Sunday, February 17, 2013

China Express (Goluboy ekspress)

































CHINA EXPRESS (Goluboy ekspress)           B+                  
aka:  Blue Express
Russia  (62 mi)  1929  d:  Ilya Trauberg

It’s not often that you can see a film that advocates armed insurrection, but this is certainly one of them, the first feature film by Soviet filmmaker Ilya Trauberg who began as a film critic before venturing into making films.  His documentary LENINGRAD TODAY (1927) caught the eye of Sergei Eisenstein who hired him as an assistant on his 1928 film OCTOBER (TEN DAYS THAT SHOOK THE WORLD) commemorating the tenth anniversary of the October 1917 Revolution in which the Bolsheviks seized power, a film noted for using striking juxtapositions of symbols to comment on the events.  Cinema was still in its infancy during the 20’s when the new Soviet state headed by Vladimir Lenin understood the medium could be used to communicate with the masses, a position later copied by Joseph Stalin.  The State Film Institute in Moscow, aka VGIK, was established in 1919 to train a new generation of filmmakers, the oldest film school anywhere in the world, where Bolshevik Newsreels by Dziga Vertov were the major form of earliest Soviet cinema, but they also created agit-prop films where they attempted to educate the populace about the goals of Communism, using young emerging filmmakers to send the message.  Lev Kuleshov taught a promising group of film students in the early 20’s, including Vsevolod Pudovkin and Sergei Eisenstein, who then began their own filmmaking careers in the middle 20’s, where Eisenstein’s BATTLESHIP POTEMKIN (1925) brought Russia international acclaim, heralding a new style of Soviet cinema, heavily propagandistic, preaching the party line about the virtues of a worker state, using shorter scenes, quick cuts, and a rapid-fire editing technique to produce a rhythmic style of accumulating dramatic tension, paying particular attention to close-ups in what became known as Soviet montage.  To illustrate the burgeoning industry, in 1923 the Soviets released just 38 feature films, but by 1928 that figure was up to 109.  As it turns out, the greatest creative achievements of the Silent era in Soviet cinema, where noted directors Eisenstein, Pudovkin, Dovzhenko, and Vertov produced their most acclaimed works, came from a brief period of film prosperity from the mid 20’s to the end of the decade.    
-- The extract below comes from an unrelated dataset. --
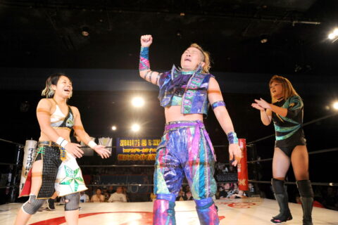 続く第二試合では噂の旧姓・AKINOが登場!試合前の屈伸運動から見せるAKINOそのままの動きに会場は大爆笑となりましたが、災難にもこれに巻き込まれたのが堀田・アジャ・高瀬の三選手。最終的に旧姓・AKINOはアジャの一斗缶による”狙い澄ました誤爆”の後、高瀬のダイビングギロチンでマットに沈みました。そして第三試合、注目の尾崎魔弓vs万喜なつみ。先制攻撃で奇襲をしかけた万喜でしたが、ポリスを帯同した尾崎はいつも通り、いやいつも以上の大暴れ。しかし万喜もそのポリスを撃退し、尾崎を追い詰めるなど健闘を見せます!ただ最後はやはり経験の差か、尾崎が裏拳の後に万喜をカウントツーで引き起こすなどのいたぶりを見せた後、さらにとどめの裏拳で勝利を奪いました。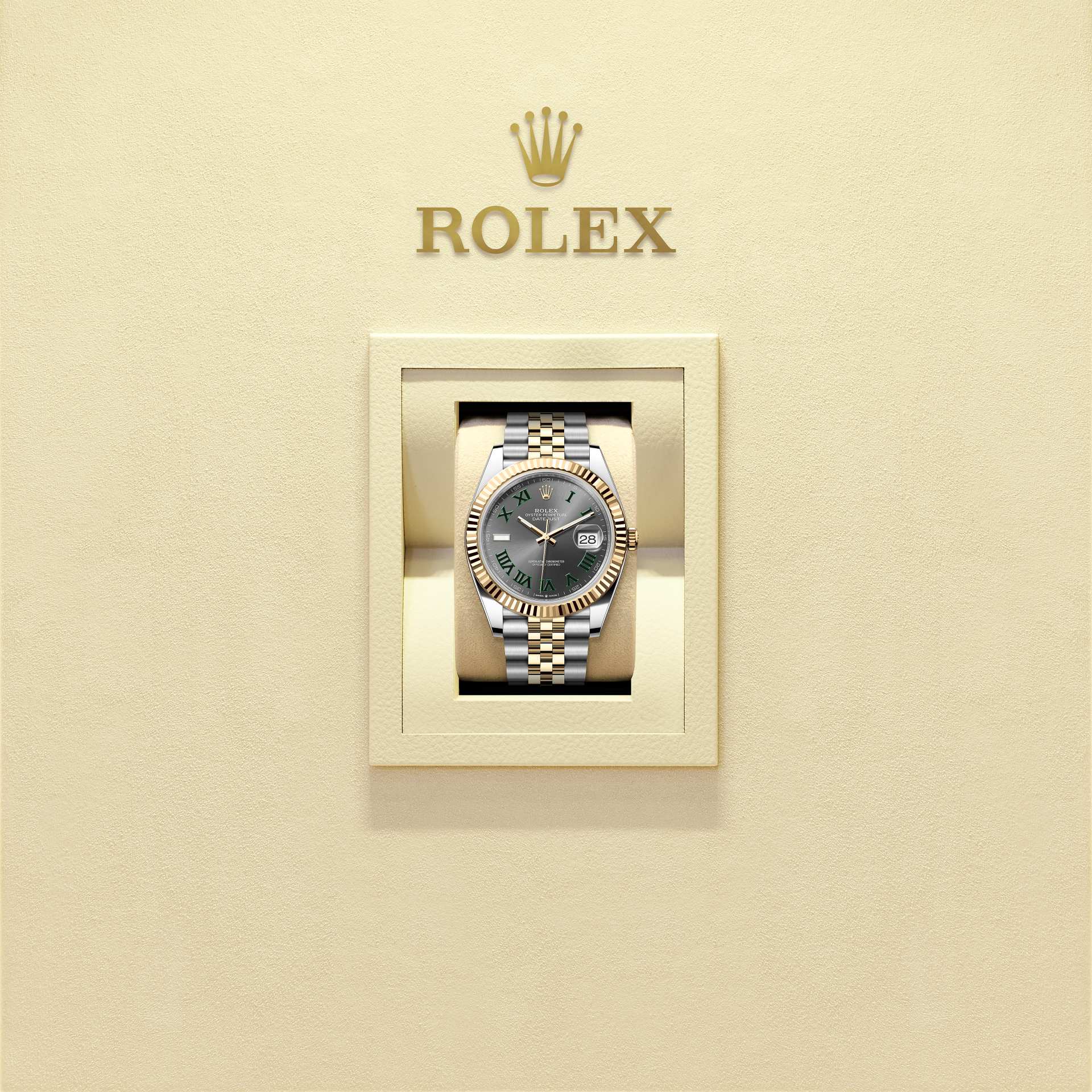 而底盖上可见的坑纹设计亦出于同样目的,并以特定的劳力士工具旋紧于表壳。及后,三角坑纹演变为一项美学设计元素,堪为劳力士的经典特色。时至今日,三角坑纹成为品牌腕表的特色,这款日志型 41的外圈以金制成。

While CHINA EXPRESS is blatant propaganda, very much in the cutting edge style of early Soviet cinema, it begins with tugging sentiment, where the happy greeting of two Chinese brothers quickly turns to sorrow with the realization that their sister has been sold into servitude to a corrupt capitalist merchant who hideously treats her as his own property.  Both mired in poverty, neither can lift a finger to help the girl, who is forced to endure the cruel and degrading treatment of her new owner.  This sets the stage, and the train, in motion, becoming one of the earliest unstoppable train movies, like Buster Keaton’s THE GENERAL (1926), where nearly all the action takes place on the train, ultimately a coming of consciousness picture where people slowly rally to her defense, not just a young girl, but fighting for the plight of all exploited workers across the nation.  To make things easily understood, the coach fare is divided by social class, where first class contains the white European dignitaries and the wealthy Chinese aristocrats, second class contains the professionals and merchants, while third class are the poor and slaving workers.  Like POTEMKIN, there is an incendiary spark that produces instant outrage, when a pair of inebriated Englishmen decide to brutally molest the Chinese girl, threatening her with rape until her brother intervenes and kills one of the white men, which sends a shock wave into each coach.  The brother along with his rescued sister return to the protection of his Chinese comrades in third class, while first class erupts in enraged fury, immediately sending in armed troops to apprehend the offender.  But the Chinese passengers, a stand-in for the Russian masses, stick up for one another and rather than be shot down like dogs, decide to arm themselves with guns and ammunition from a munitions shipment on the train.  This is one of the few films you’ll ever see that encourages Asian minorities to arm themselves against the corrupt power of the white ruling class, who are guided by their deplorably racist intentions.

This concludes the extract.